Requirement 1: Email address field should mandate with “@” symbol and should have “. (dot)” at any place after @ symbol and can end with any type of domain.
Example: sap@sap.uk or sap@sap.edu or sap@sap.com
Regular Expression: ^[\w-\.]+@([\w-]+\.)+[\w-]{2,3}$
Below is the explanation for the above to be configured regular expression. we are going to use it on rule to validate email address.
^ Beginning. Beginning of the line.
[ Character Set. Match any character in the set.
\w word. Matches any word character (alphanumeric & underscore).
– Character. Matches a “-” character
\. Escaped character. Matches a “.” character
] close character set
+ Quantifier. Match 1 or more of the preceding character or token
@ Character. Matches a “@” character.
( Capturing groups. opens a capture group
) Capturing groups. closes a capture group
{2,3} Quantifier. Match between 2 and 3 of the preceding character or token
$ End. End of the line.
Now that we got a fair idea of those expressions, let us see how we can configure above expression to a rule to validate email address.
Create a “IF” condition with “Matches” function like below and have an error message to “Then” condition
Attach the above rule to OnChange – Email address field and OnSave – Email Address Portlet.
Requirement 2: Email address field should mandate with “@” symbol and should end with “.COM” only.
Example: sap@sap.com (Note: should accept only .com)
Regular Expression: ^[\w-\.]+@([\w-]+\.[com]{3})$
Requirement 3: Email address field should mandate with “@” symbol and should end with particular domain Only.
Example: sap@karthik.com (should end with @karthik.com only.)
Regular Expression: ^[\w-\.]+@([karthik]{7}+\.[com]{3})$
Regular Expression is a very simple and a powerful expression which can be used in many ways for these kind of validations, it can be used over any string field for character set validations also.
To check for duplicate email, check below blog,
Keep Exploring.
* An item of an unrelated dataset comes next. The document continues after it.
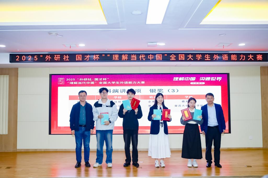 近日,2025“外研社·国才杯”“理解当代中国”全国大学生外语能力大赛江西赛区省级复赛于江西中医药大学(湾里校区)顺利举行,也标志着我省“外研社·国才杯”系列赛事的圆满落幕。南昌大学共青学院的学子在本次大赛中表现出色,在本科组综合能力赛项、短视频、演讲和高职组演讲及写作等各项赛事中共获得了11项奖项,其中金奖1项,银奖8项、铜奖2项(具体名单如下)。其中,23英本1班汪雨欣同学将代表江西省参加综合能力赛项国赛。
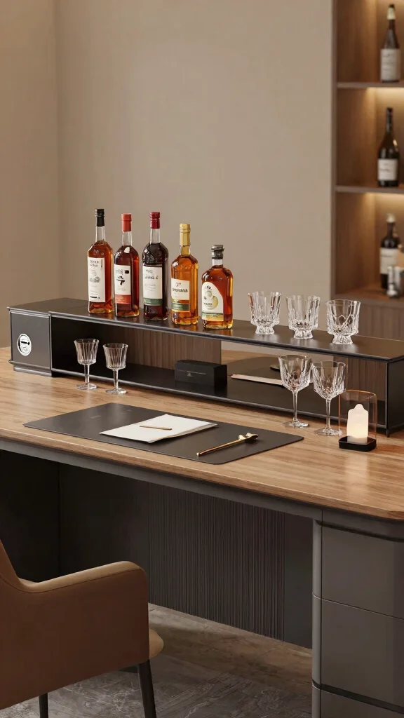 This option is ideal for small spaces, maximizing utility without compromising style. Choose a sleek desk design with built-in storage for your bar essentials. When entertaining, simply arrange your bottles and glasses on the desk, creating a seamless transition from work to play.

Thanks for reading.
Hi Karthik,
Very Useful info. Thank you very much.
I would liek to add one more expression, for domains like: sap@bestrun-sap.de
Regular Expression: ^[\w-\.]+@([bestrun]{7}+\-[sap]{3}+\.[de]{2})$
I have seen couple of customers asking for this kind of expressions.
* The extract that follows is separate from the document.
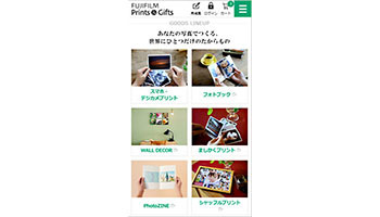 FUJIFILM Prints & Giftsは、これまで富士フイルムが提供してきた「FUJIFILM ネットプリントサービス」を刷新したもので、スマホの小さな画面上でも分かりやすく快適な操作ができるようにサービスメニューの配置や文字の大きさなど、デザインを一新した。

I hope this would helpful.
Thank you!
Best Regards,
ck
Thanks for sharing CK, we can play with regular expression to achieve many more validations like this.
Thank you.
Hi Karthik,
That's a amazing piece of blog you wrote. I was trying to achieve the last example which you have shared.
Thank you,
Om
Thank you, Good to hear that it helped to achieve one of your requirement,
Hi Karthik,
I'm trying to achieve enforcing a 24 hour format on a custom field on the Job Information portlet. Not sure how this can be achieved via the regular expression. Your thoughts ?
Regards
Divya
Hi Karthik
Can you let me know how did you use this regex in your code. I am quite new to this and thus am not able to figure this part out.